Directed: Tate Taylor
Written: Erin Cressida Wilson. Based on The Girl on the Train by Paula Hawkins
Released: October 2016
Starring: Emily Blunt, Rebecca Ferguson, Justin Theroux, Haley Bennett, Luke Evans, Allison Janney (Juno’s mum!), Édgar Ramírez and Lisa Kudrow.
The Girl on the Train is up there with Gone Girl! A mind-twisting psychological thriller, through the eyes of Rachel (Emily Blunt) – a frail alcoholic who is the last person to see Megan Hipwell (Haley Bennett) alive.
However, as we see the events unfold from Rachel’s point of view, you never know what is real and what has been imagined, as she struggles to remember what she saw .
Is she the murderer? Was it the ginger dude on the train? Was it Megan’s husband? You honestly wouldn’t know for sure – massive twists!
We experience the battle against herself as she grows stronger and more focussed on trying to remember what she saw that night when Megan went missing.
I have read the book, and if I had of seen the movie immediately after I think I would have agreed with the public’s negative reaction of it being too different to the novel. As instead of it being set in the dingy outer suburbs of London, it is set in glamourous waterside mansions of New York.
Apparently the movie was always going to be set somewhere in the USA, because alcoholism is ‘less accepted there‘, and the juxtaposition of the character’s sadness with the glorious mansions she passed on the train made it visually shocking… I still don’t think it was necessary to change the country’s setting, but whatever.
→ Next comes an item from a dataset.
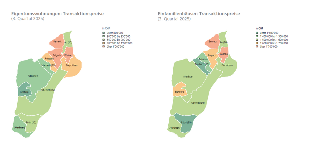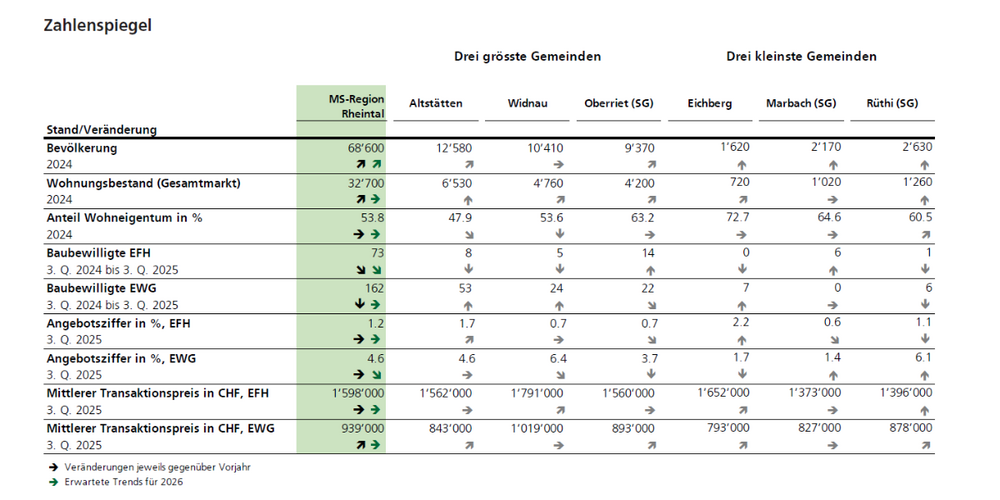 Einfamilienhäuser bleiben im Rheintal knapp: Nur 1.2 Prozent des Bestands standen im dritten Quartal 2025 zum Verkauf. Der Markt für Stockwerkeigentum ist entspannter. Aufgrund reger Neubautätigkeit umfasste das Angebot zuletzt 4.6 Prozent des Gesamtbestands, auch wenn dieser Wert leicht rückläufig ist.
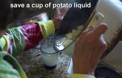 Drain potatoes when done, but be sure to reserve a cup or two of liquid.

At least Emily Blunt was allowed to remain English.
I enjoyed it very much, though. The characters are believable and relatable (my two big ticks for every movie). Emily Blunt makes an amazing drunk person – that must have taken a lot of practice to look that authentic. It’s actually scary and makes you think twice about drinking.
I’m pleased they didn’t make her look flawless while she was drunk. I was worried they would make her look too ‘pretty’, but her cheeks are puffy and red, her eye make-up is smudged and her hair is messy – you wouldn’t know she’s a celebrity.
But if I had to be nit-picky, the male characters all looked far too similar. I guess this was to encourage you to see through the hazy eyes of a drunkard who couldn’t identify anyone. But with the film being visually dark, everyone having short, dark hair could get confusing if you didn’t know the storyline.
Or maybe it’s just our crappy TV that makes the contrast too deep.
Nevertheless, if you haven’t read the book you’ll likely enjoy it more, because you wouldn’t be able to notice the differences from the novel. But you may find it a bit slow-paced and long-winded at times.
Jodie’s rating: 8/10
PS. On more than one occasion, I have been told that if I didn’t have crooked teeth, chubby cheeks or many of my current facial features, that I would look JUST like Emily! 🤪🤪 *so proud*.
Jodie Blunt as I live and Breathe. Going out to buy this movie, just on your recommendation. And it’s not just because you’re Emily’s secret sister-in-cousin-in-law!